Handel’s Orlando has an anonymous libretto based on Ariosto’s epic poem Orlando furioso. Orlando’s madness is at the centre of the story and is given the most elaborate musical treatment, but the rest of the story is a thin one. The heroic Orlando refuses to fight, and when he is rejected by Angelica for Medoro, another counter-tenor role, he goes mad. Dorinda is also in love with Medoro, and the magician Zoroastro (here played as a psychiatrist, much the same thing) restores matters to harmony and brings Orlando back to sanity by the judicious application of electro-convulsive therapy, a treatment unknown in Handel’s day but an appropriate excuse for lighting – and lightning – effects.
Harry Fehr’s production sets Orlando in a 1950’s upmarket psychiatric clinic, with globular lampshades, Crittall windows and a veneered desk in the foyer. In the wards, however, things are grimmer, with iron-framed beds and grim-faced nursing staff played with great comic style by stalwarts of the WNO chorus, including Helen Greenaway, Nicola Morgan and Sarah Pope. Another chorister, Jack O’Kelly, makes innumerable appearances in different costumes as warder, patient, porter and other roles, and manages to steal the scene in each of them.
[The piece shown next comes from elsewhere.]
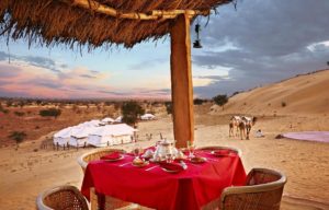 After one has pulverized rippling sand dunes, a memorable evening awaits in the camp accommodation. Enjoy the primeval energy of the Arabian Nights blended in the atmosphere with the flames of bonfire and lyrical movements of the dancers, dressed in their traditional “gaghra-choli”, pulsating on the rhythms of the shrill folk songs. With the increasing beats of the drums, the dancers whirl faster and faster around the bonfire, just an aesthetic sight that has to be seen to be believed. As the evening progresses, dinner is served in the traditional Indian seating arrangement. Dinner with delicious barbecue is accompanied by music from the “Manganiyar” musicians, creating mesmerizing euphony with their ‘dholaks’ and ‘sarangis’. Take a sip of chilled beer while sittting on the capacious Indian style beds called “charpais” (jute beds) as you tilt your head and see the sprawling desert sky bewildering everyone with millions of twinkling stars. As the temperature drops and the ambience chills, enjoy the romance and enigma associated with such a night.

As Zoroastro, the bass Daniel Grice was in charge of this institution, and opened with his solemn aria ‘Gieroglifici eterni’, the solemnity undercut by the nearby presence of Orlando, his head wreathed in electroencephalographic apparatus while nurses bustle around him. Orlando’s cavatina ‘Stimulato dalla gloria’, accompanied only by solo cello and continuo, immediately demonstrated that Zazzo’s counter-tenor voice is in the fruity, luscious American mezzo-like tradition of David Daniels and Bejun Mehta, rather than the thinner, dryer English sound exemplified by Robin Blaze singing Medoro. The full glory of Zazzo’s performance emerged in the blazing, horn-dominated da capo aria ‘Non fu già’, in which he tackled the semiquaver runs and sequences with virtuosity, ornamenting them even more fully in the repeat section.
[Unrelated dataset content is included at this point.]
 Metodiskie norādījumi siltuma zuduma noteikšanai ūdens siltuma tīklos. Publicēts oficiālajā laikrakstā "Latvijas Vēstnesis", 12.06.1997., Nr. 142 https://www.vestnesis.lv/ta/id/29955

Zazzo’s Orlando deteriorates from a stylish figure in air-force costume to a vision-wracked madman in vest and underpants, but manages to preserves shreds of heroism even in the face of adversity. What brings about his downfall is the arrival of the two female characters, the soubrettish Dorinda, played as a nurse by Fflur Wyn (a Handel regular with WNO), and the maturer Angelica, sung by Rebecca Evans in the best frock of the evening, with hat and red wig to match. Wyn’s light, agile voice is ideal for Dorinda’s flirtatious personality, while Evans’s weightier tone brought out the full lyric potential of Angelica’s role.